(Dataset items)
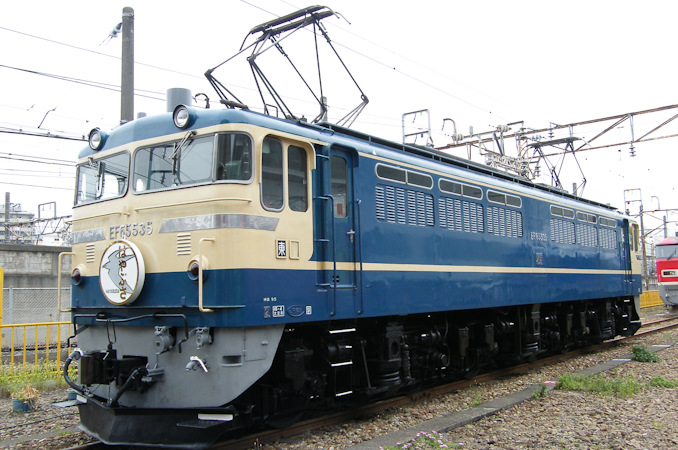 さて屋外展示へ。こちら、当日は保存運動も展開されていたEF65 535号機です。寝台特急「はやぶさ」のヘッドマークを付け貫禄十分。このまま解体されてしまうには、確かに惜しい機体です。
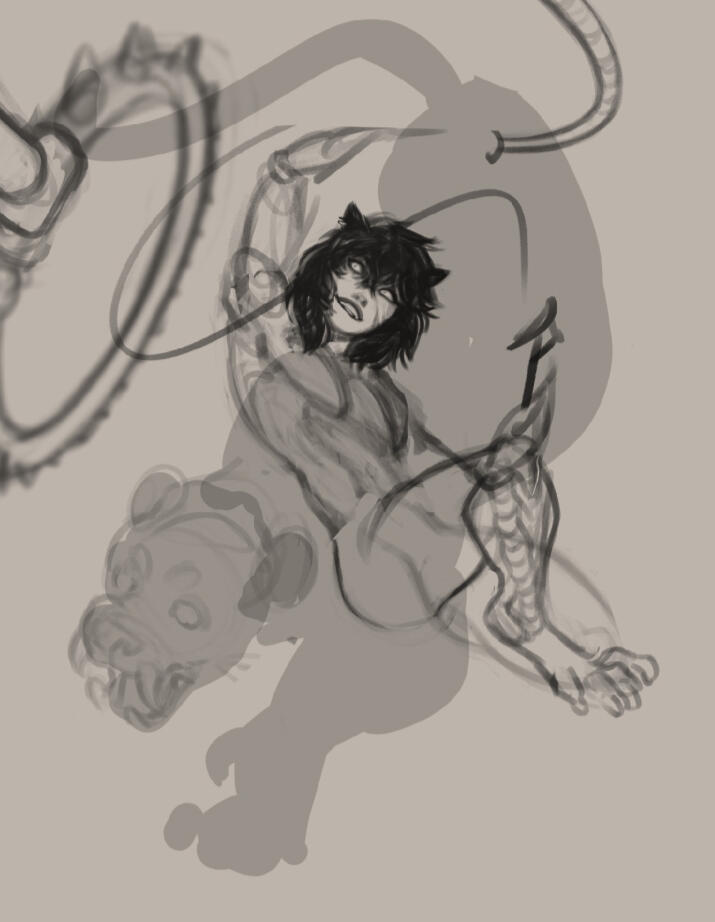 | Tattoos | A large serpentine pattern coils out from his wrist, along his arm, and down his spine until it connects with the base of his tail, A ring of text around his right wrist |
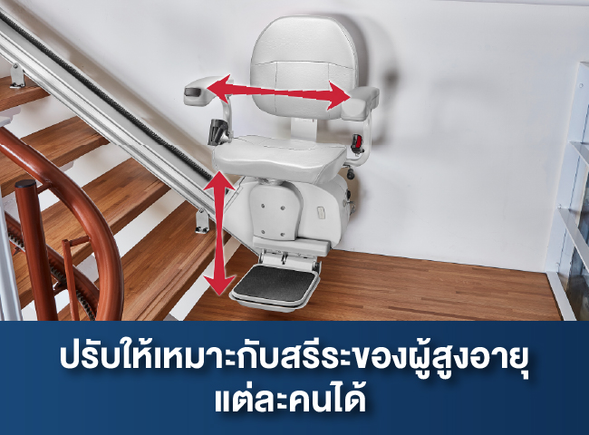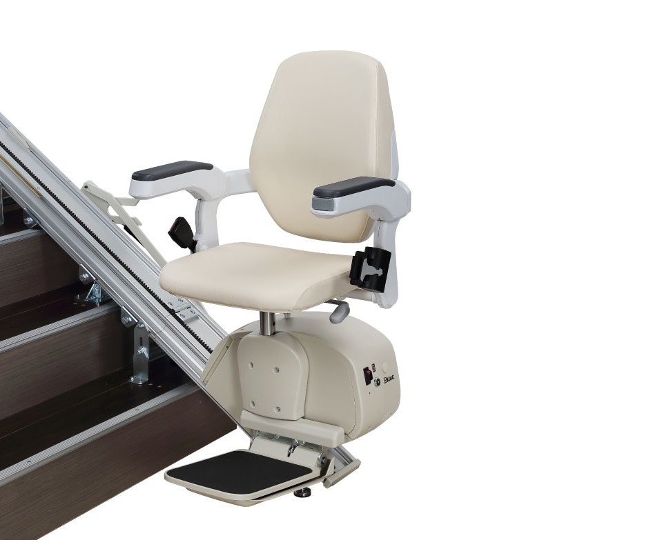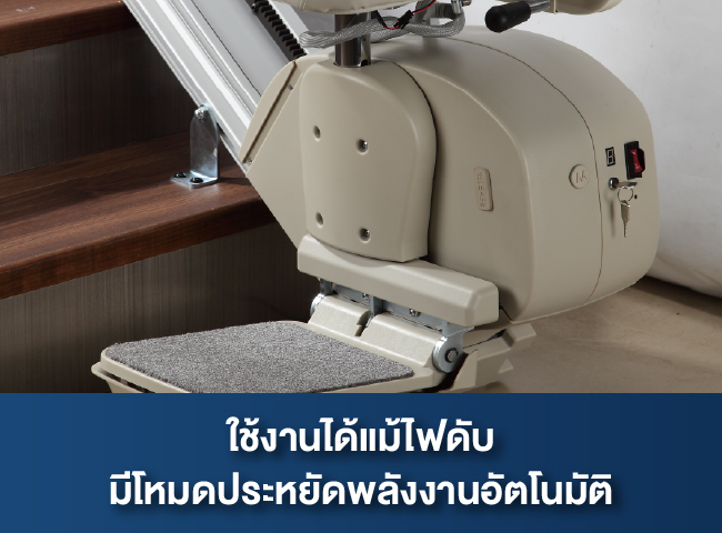 Folding Seat & Footrest — Fold-away design allows others to use the staircase freely when the unit is folded
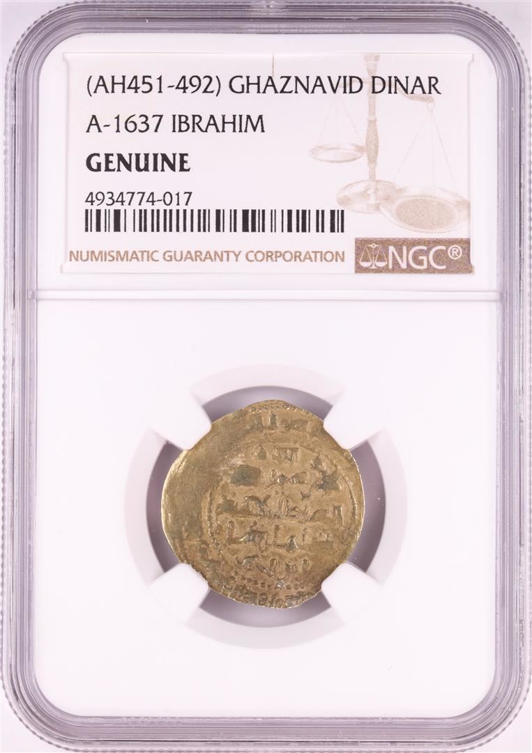 One AH451-492 Ghaznavid Dinar A-1637 Ibrahim Gold Coin NGC Genuine. NGC Certified.
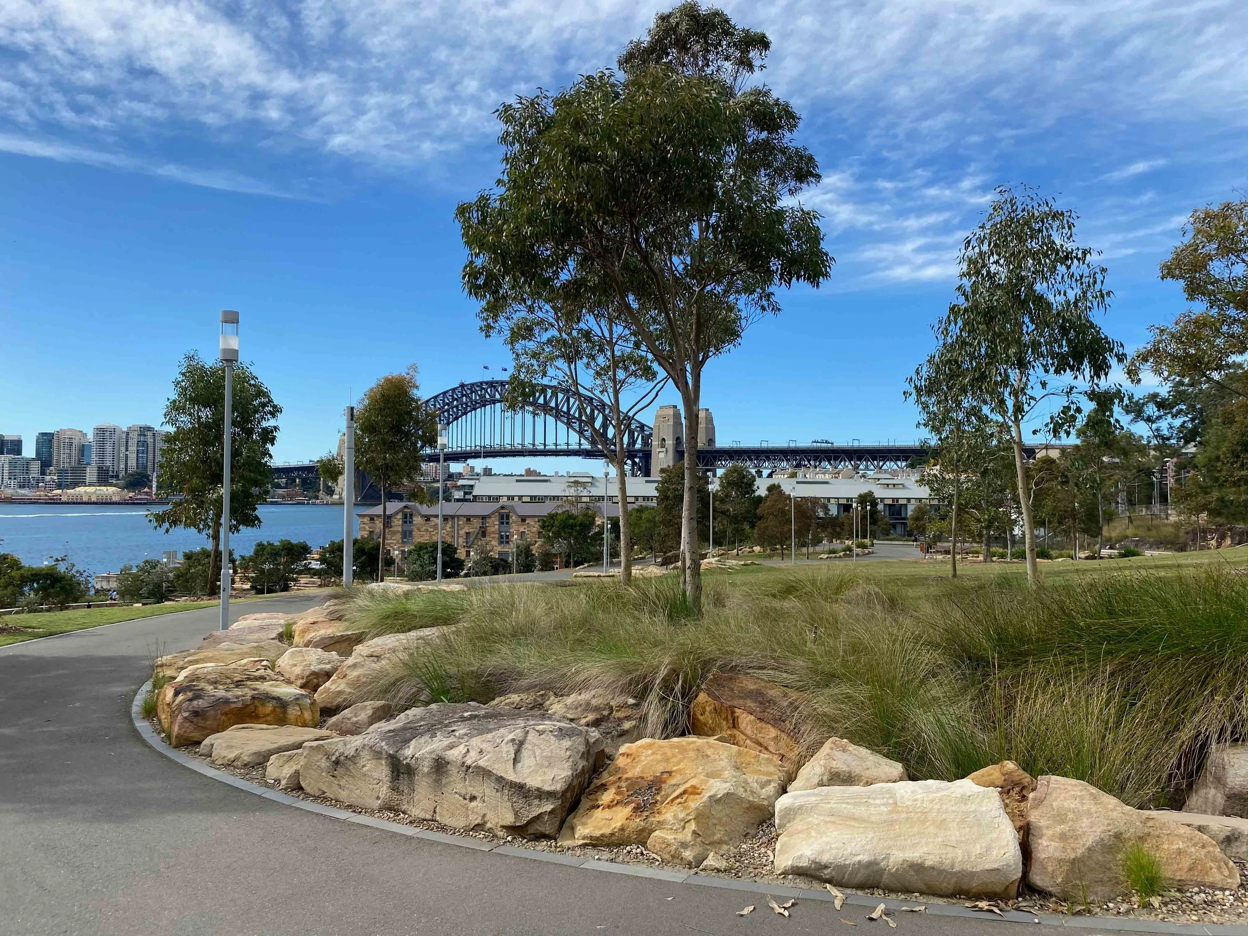 Wide paths, sandstone terraces and native plantings create a multi-levelled harbour park with sweeping views. Paths and lifts make access easy for prams and wheelchairs.
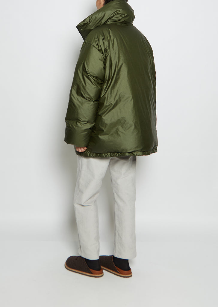 Sofie D'Hoore khaki green puffer jacket with a tall collar made with a polyamide outer shell and feather down fill. Features a two-way matte black zipper, front welt pockets and a grosgrain drawcord at the bottom hem.
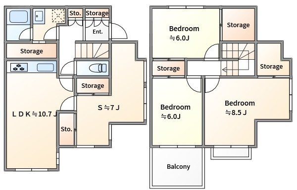 | 築年月 | 1988年8月 | 間取り | 3SLDK( LDK10.7畳(1階)/S7畳(1階)/和室6畳(2階)/和室6畳(2階)/洋室8.5畳(2階) ) | 専有面積 | 98.53m2 |
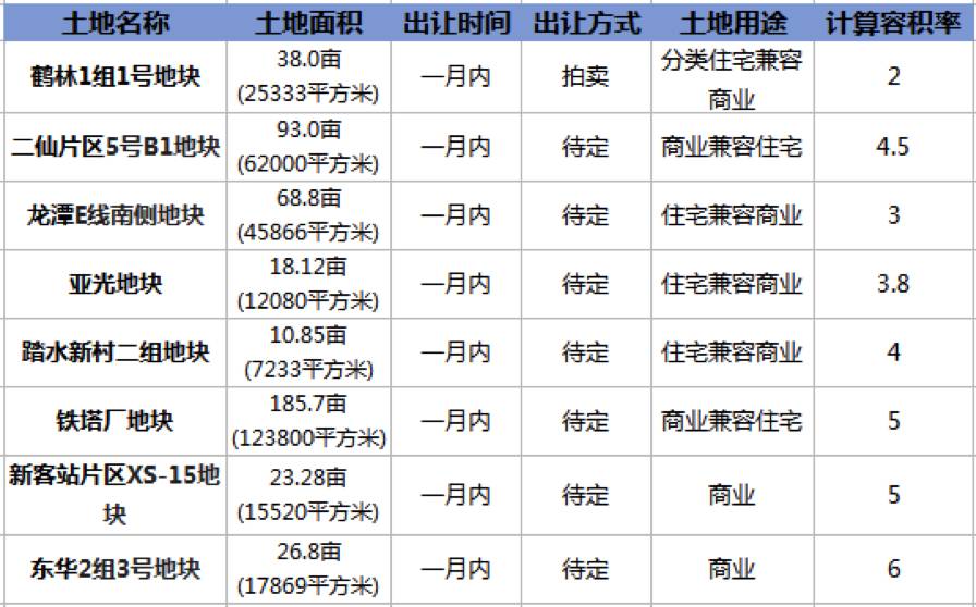 另外由现有信息可以看到,8宗地块中只有1宗龙潭板块的小地块显示的是将以拍卖的方式出让,其他地块的出让方式暂未确定,出让时间均在一个月内。
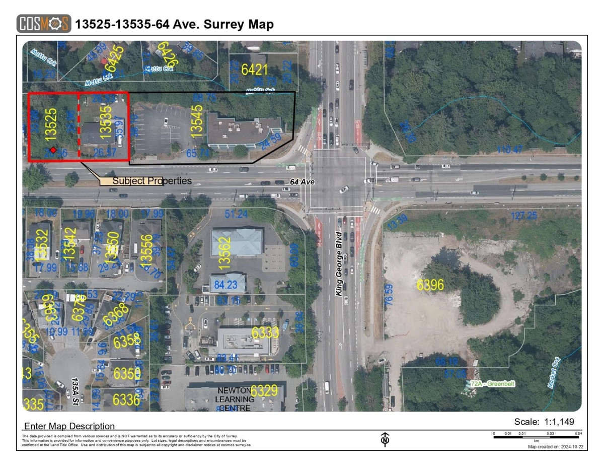 Excellent opportunity to build your dream duplex on this 87+ ft. wide ¼-acre lot or develop multifamily under the approved Newton–King George Boulevard Plan. Located just two lots west of King George Blvd & 64 Ave, with the adjacent ¼-acre parcel (13535 64 Ave) also available—offering nearly ½ acre with 174+ ft. frontage for an ideal land assembly. TransLink’s 2025 plan includes 12 new stations along King George Blvd., including one at 64 Ave. Bus stop out front and quick access to King George Blvd., SkyTrain, and Surrey City Centre. Submit Offers!
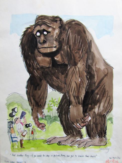 cartoon artwork for Playboy Germany, drawn: Mar 1978, pen and ink with watercolour, on Saunders board, signed right, caption below, Smilby yellow dot verso, with dust sheet, together with artists rough workup for a similar artwork with artists notes in margins, signed lower right and caption in English 'And another thing - if you want to stay in pictures, Kong, you got to knock that habit', (2).

Work to complete: Beginning with the line that contains "另外由现有信息可以看到,8宗", reproduce every line through the end of the records above exactly, leaving pictures out.

Reply:
 另外由现有信息可以看到,8宗地块中只有1宗龙潭板块的小地块显示的是将以拍卖的方式出让,其他地块的出让方式暂未确定,出让时间均在一个月内。
 Excellent opportunity to build your dream duplex on this 87+ ft. wide ¼-acre lot or develop multifamily under the approved Newton–King George Boulevard Plan. Located just two lots west of King George Blvd & 64 Ave, with the adjacent ¼-acre parcel (13535 64 Ave) also available—offering nearly ½ acre with 174+ ft. frontage for an ideal land assembly. TransLink’s 2025 plan includes 12 new stations along King George Blvd., including one at 64 Ave. Bus stop out front and quick access to King George Blvd., SkyTrain, and Surrey City Centre. Submit Offers!
 cartoon artwork for Playboy Germany, drawn: Mar 1978, pen and ink with watercolour, on Saunders board, signed right, caption below, Smilby yellow dot verso, with dust sheet, together with artists rough workup for a similar artwork with artists notes in margins, signed lower right and caption in English 'And another thing - if you want to stay in pictures, Kong, you got to knock that habit', (2).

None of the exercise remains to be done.